● **Prompt**: An exact restatement is required. Cover only the lines of the records from the first through the line with "Small sized original", and skip pictures.

Records from a data source:

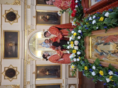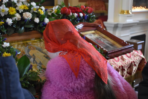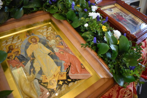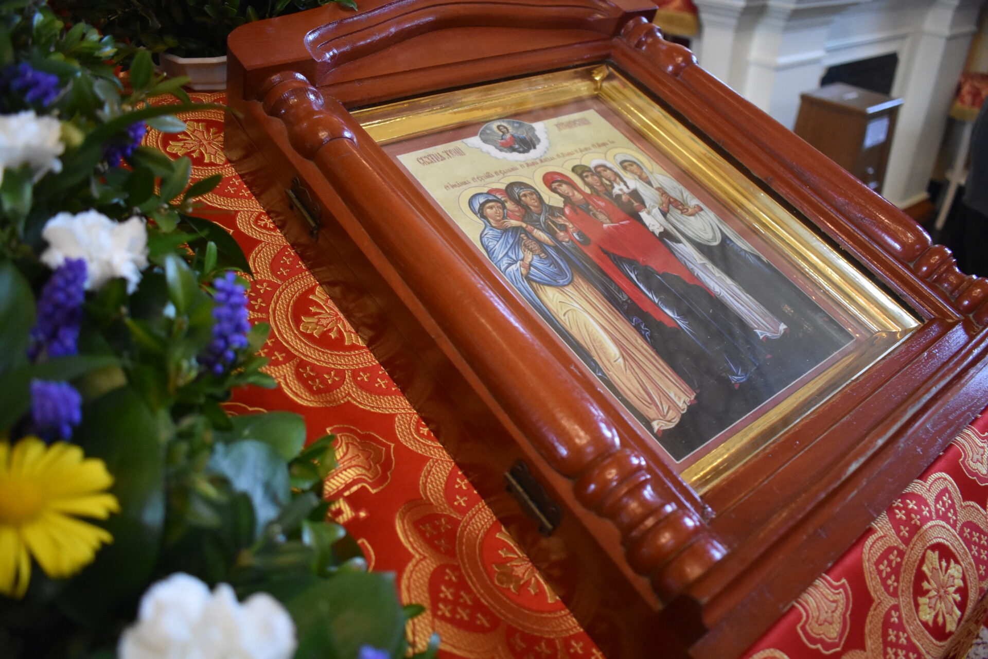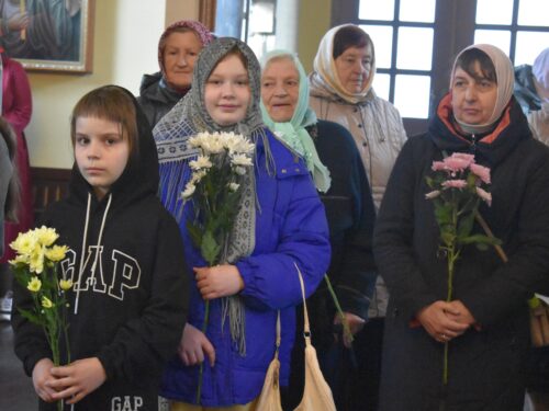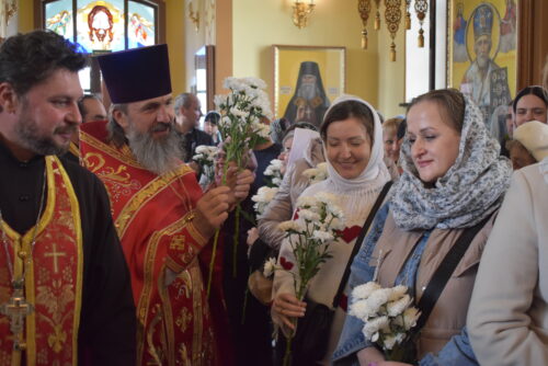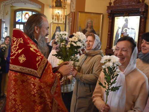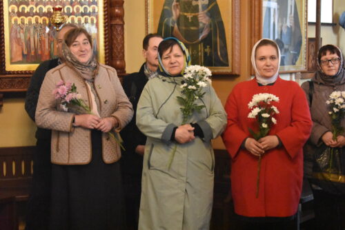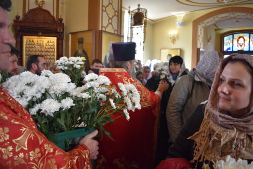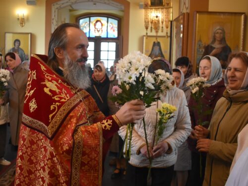По окончании Божественных Литургий всем женщинам присутствующим на Богослужении были вручены цветы, в честь праздника святых жен-мироносиц.
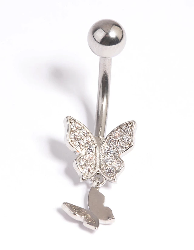 Surgical Steel Butterfly Cubic Zirconia Drop Belly Bar
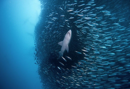 포식자들에게는 환상적이지만 정어리들에게 최악의 순간인 이 사진은 남아프리카 공화국 와일드코스트 바닷속에서 촬영된 것이다. 수심 25m 아래서 무려 7시간에 걸쳐 만찬을 즐긴 주인공들은 상어, 고래, 돌고래, 부비새 등이다.
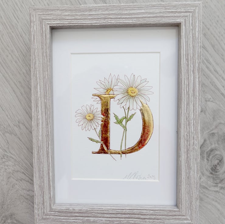 Small sized original watercolour art with 23.5 gold carat leaf letter D.
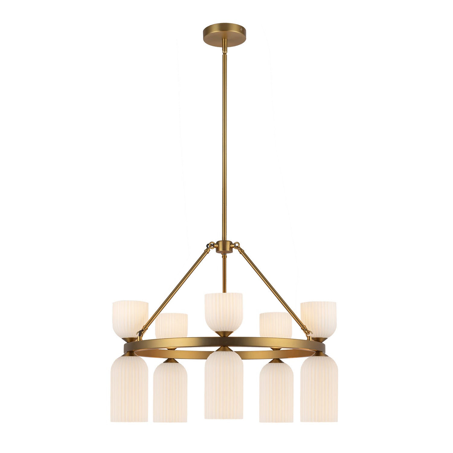 The Elle Chandelier features a striking two-tier design with reeded milk glass shades, arranged in a circular formation, on a Brushed Brass frame. This elegant fixture showcases fluted cylindrical glass elements that diffuse light evenly for a soft, inviting glow. The upper tier displays five upward-facing shades while the lower tier presents five downward-facing shades, all supported by slender brass arms. Measuring nearly 26" in diameter, the Elle makes a dramatic statement over dining tables, in foyers, or in spacious living areas. The combination of translucent fluted glass and warm brass hardware brings a contemporary yet timeless aesthetic to your space.

● **Result of the task**:
По окончании Божественных Литургий всем женщинам присутствующим на Богослужении были вручены цветы, в честь праздника святых жен-мироносиц.
 Surgical Steel Butterfly Cubic Zirconia Drop Belly Bar
 포식자들에게는 환상적이지만 정어리들에게 최악의 순간인 이 사진은 남아프리카 공화국 와일드코스트 바닷속에서 촬영된 것이다. 수심 25m 아래서 무려 7시간에 걸쳐 만찬을 즐긴 주인공들은 상어, 고래, 돌고래, 부비새 등이다.
 Small sized original watercolour art with 23.5 gold carat leaf letter D.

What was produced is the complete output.